In 1994, he joined the Commission on Human Rights and Administrative Justice (CHRAJ) as a Legal Officer. He joined the Judicial Service of Ghana in 1996 where he began working as Magistrate until 2002 when he became a Circuit Court judge. He became a justice of the High Court in 2006 adjudicating at the Fast Track (Automated) High Court in Accra and the Commercial Court in Accra. He worked in this capacity until 2019 when he was appointed justice of the Court of Appeal of Ghana.

Between 2016 and 2018, he doubled as an adjunct lecturer of Wisconsin University and Central University. While serving on the bench of Appeals Court, he worked as a Senior Lecturer of the Ghana School of Law from 2020 until his appointment to the Supreme Court bench in 2022.

Asiedu has been a member of the Association of Magistrates and Judges since 1996, a member of the Institute of Taxation, Ghana until 2016, and the Ghana Bar Association from 1992 until 1996. He has also been a resource person of the Judicial Training Institute since 2016.

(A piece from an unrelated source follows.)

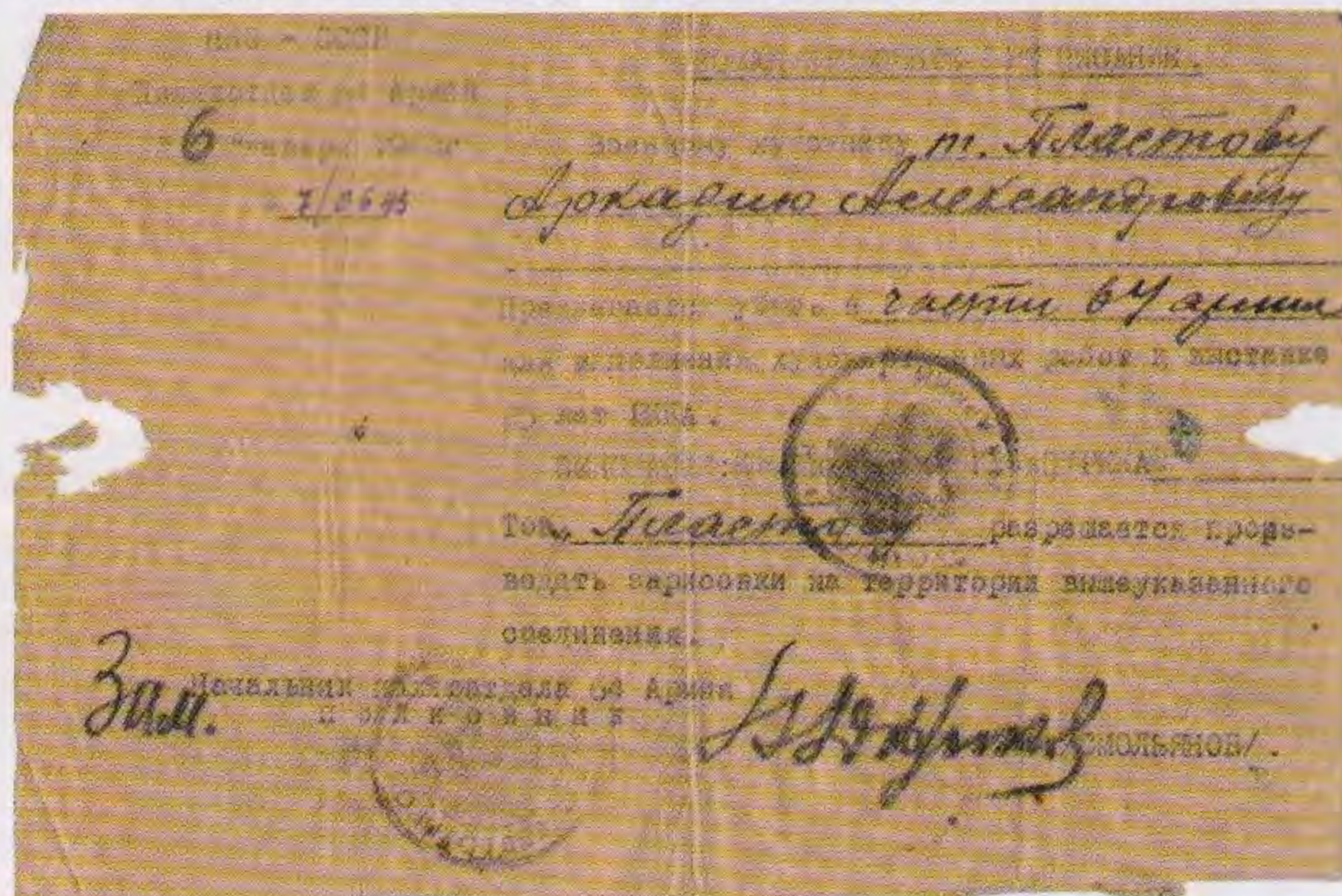
Командировочное предписание в 64-ю армию.

== Supreme Court appointment ==
On 4 July 2022 President Nana Akufo Addo, based on the advice of the Judicial Council and in consultation with the Council of State nominated Asiedu, along with three other judges (George Kingsley Koomson, Barbara Frances Ackah-Yensu and Ernest Yao Gaewu) for the Supreme Court. On 25 July 2022, the speaker of parliament announced the nominations in parliament and referred them to the appointments committee for consideration.

On 19 October 2022, Asiedu was vetted by the appointments committee, and on 7 December 2022, the appointments committee recommended his approval together with Barbara Frances Ackah-Yensu, to parliament. The committee's report cited "knowledge of the law", "character" and "competence" as attributes of both Ackah-Yensu and Asiedu. The committee reported Ackah-Yensu and Asiedu's pledge to eschew partisanship in their rulings also as a reason for recommendation in their report. On 11 December 2022, the Parliament of Ghana unanimously approved his nomination. After his approval, Speaker of parliament, Alban Bagbin commented that the two nominated judges should have been on the Supreme Court long ago. Bagbin further questioned why Justice Asiedu was in the High Court from 2006 to 2019 and remarked that "...the progress was so slow at the bench. I just could not imagine it and he never went for anything apart from excellence".

Asiedu was sworn into office by President Nana Akufo-Addo on Wednesday 28 December 2022.